I would like to ask if Sjogren's syndrome is known for intense constant pain. I know it causes joint pain, but I have not been able to get any relief from joint and muscle pain for the last week. I am also experiencing hair loss, and a dry facial rash that looks like hives. Is this common for Sjogren's?
What kinds of medication are you on? Those "symptoms" sound like the side effects of Prednisone, other than the facial rash.
I have AIH with Primary Biliary Cirrohsis Overlap Syndrome. Was dx in aug and put on 40mg/ of Prednisone. Have been gradually reduced to now taking 20mg and waiting for the test results to see if I can take Azathioprine/Imuran to help reduce the Prednisone even further. I am also on Ursodial, 900mg/da.
Have you been diagnosed with Sjogren's and if so how long ago?? Have you "googled" Sjogren's to see what is said about it? I have found that Mayo is a good place to look for answers.

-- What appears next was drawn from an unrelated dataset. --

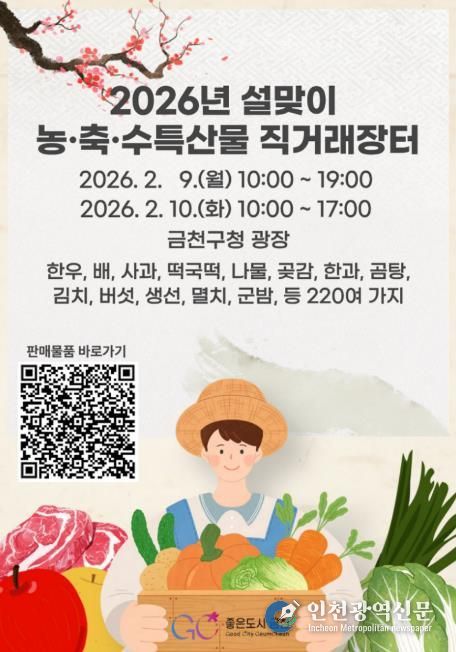 [인천광역신문] 관리자 기자 | 금천구는 설 명절을 앞두고 9일부터 10일까지 이틀간 금천구청 광장에서 ‘2026년 설맞이 농·축·수특산물 직거래장터’를 연다고 밝혔다.

Good luck and research, research, research.
I have Sjogren's and rashes are very common. My hair has thinned on top and my scalp often appears to have thick dandruff. They tell me this is just something else to live with when you have Sjogren's along with the dry eyes and mouth, fatigue, stiffness, and fibromyalgia. I use a scalp oil (Sulpher 8) and minoxodil. The combiniation helps me a bit. The good news is that between flares, my hair thickens and I have a better sense of well being. I find that stress definitely causes my flares so I try to keep the level down when I can. Hope this helps you. Best wishes.
I have found an article that ties autoimmune disorders to the shear volume of chemicals we are exposed to in just for example the cleaning products we use in our household.
for example clothing detergents have: formaldehides (used to preserve corpses). phosphorus, soda ash (innert filler waste of the steel making process) causes sking conditions. The EPA and the FDA do not side on the consummer they side on Procter and Gamble and the Like.
See for yourself.
A Clear Link:
Researchers are uncovering a definite link between environmental pollutants and a growing number of autoimmune diseases. Disorders like lupus, multiple sclerosis (MS) and Type I diabetes are on the rise, says Glinda Cooper, an epidemiologist with the National Institute of Environmental Health Sciences (NIEHS). "It's very likely that environmental factors play a role in the development of these diseases," Cooper says.